Introduction

What is The New Yorker? I know it’s a great magazine and that it’s a tremendous source of pleasure in my life. But what exactly is it? This blog’s premise is that The New Yorker is a work of art, as worthy of comment and analysis as, say, Keats’s “Ode on a Grecian Urn.” Each week I review one or more aspects of the magazine’s latest issue. I suppose it’s possible to describe and analyze an entire issue, but I prefer to keep my reviews brief, and so I usually focus on just one or two pieces, to explore in each the signature style of its author. A piece by Nick Paumgarten is not like a piece by Jill Lepore, and neither is like a piece by Ian Frazier. One could not mistake Collins for Seabrook, or Bilger for Galchen, or Mogelson for Kolbert. Each has found a style, and it is that style that I respond to as I read, and want to understand and describe.

Friday, December 2, 2011

Peter Campbell (April 16, 1937 - October 25, 2011)


This is my tribute to Peter Campbell, who died October 25, 2011. Campbell worked for the London Review of Books from its inception, in 1979, as designer, illustrator, and art reviewer.
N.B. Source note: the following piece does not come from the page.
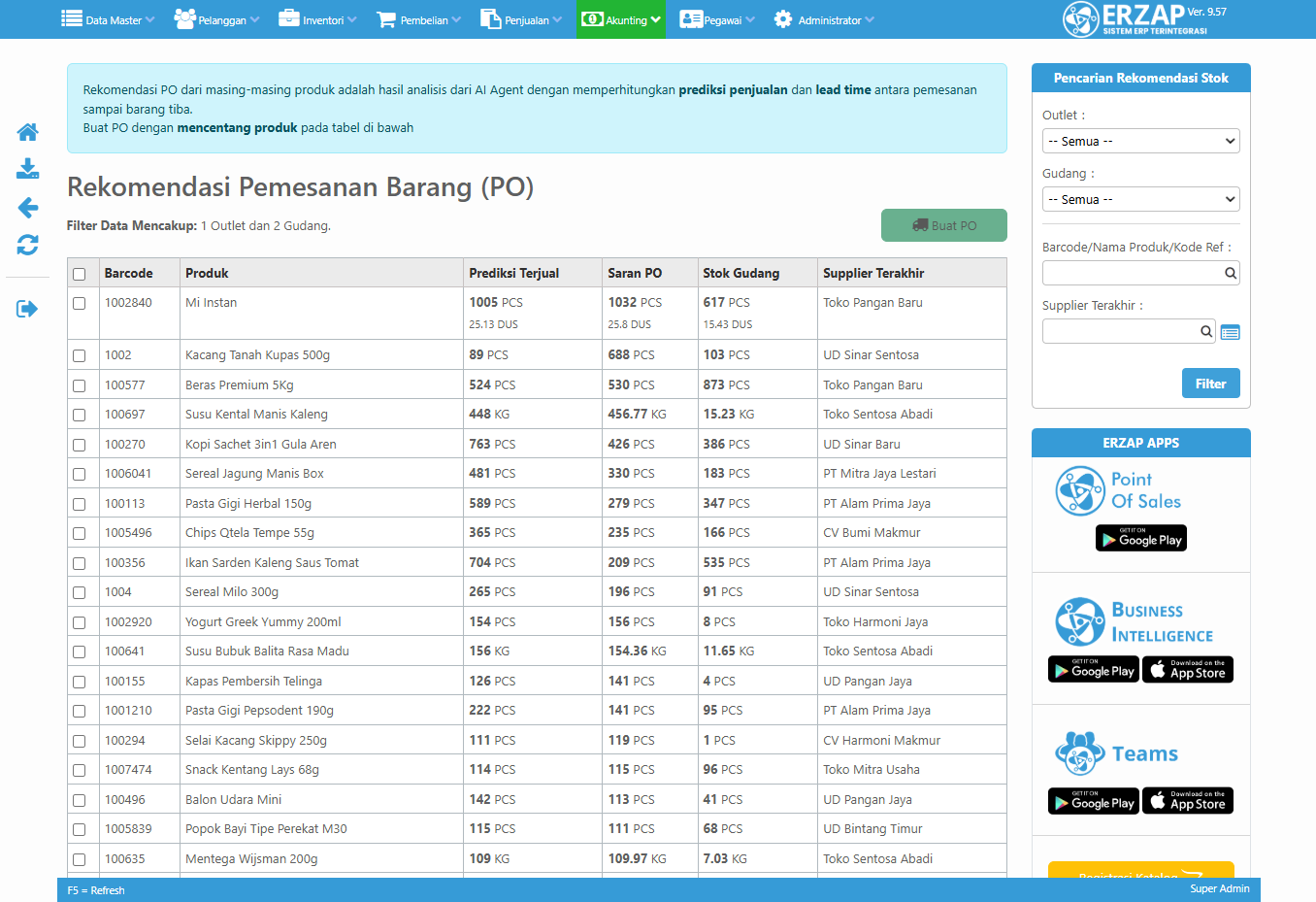 Di sisi kanan, terdapat filter pencarian yang memungkinkan Anda menyaring rekomendasi berdasarkan outlet, gudang, supplier, atau barcode produk tertentu. Anda juga bisa langsung membuat PO dengan mencentang produk yang dipilih dan mengklik tombol "Buat PO" di bagian atas.

He was a brilliant contemplator of art. As Mary-Kay Wilmers says, in her tribute to Campbell (“Diary,” London Review of Books, November 17, 2011), his pieces about exhibitions “take you with him into the gallery.” His art writing was, for me, a great source of pleasure. His connection with The New Yorker is non-existent, but I often read him in conjunction with pieces I’d read in the magazine. See, for example, my posts “Norman Rockwell: Campbell v. Schjeldahl v. Updike” (February 7, 2011) and “Werner Herzog’s ‘Cave of Forgotten Dreams’: 3 Reviews” (June 9, 2011). The origin of my interest in his writing traces back to his review of a Joan Eardley exhibition that appeared in the December 13, 2007, LRB, titled “At the National Gallery of Scotland.” I have a clipping of it here in front of me as I write this. It’s filled with my underlinings. I love descriptions of art. The Eardley piece contains several beauties, including this inspired line: “de Kooning in America made pictures in which the bones of an unseen landscape seem to direct the reading of a field of abstract marks.” How fine that “bones of an unseen landscape”! The clinching review – the one that made me a devoted follower of his LRB columns – is the one he did on the Tate Modern exhibition “Rothko: The Late Series” (“At Tate Modern,” London Review of Books, October 23, 2008). I have that clipping here in front of me, as well. Looking at one of Rothko’s great red-on-maroon Seagram murals, he says, “It is as if the picture was a radiator the heat of which drives you back.” Campbell also had an appreciative eye for items of material culture (e.g., the “bicornual” basket from the rain forests of north-eastern Queensland, which he noted in his piece “At the British Museum,” London Review of Books, June 16, 2011, as follows: “Its sculptural curves are emphasized by the way the strands of cane from which it is made follow swelling contours. It is a wonderful, evolved design”). In 2009, At …, a rich collection of Campbell’s art writings was published. I count it among my favorite books.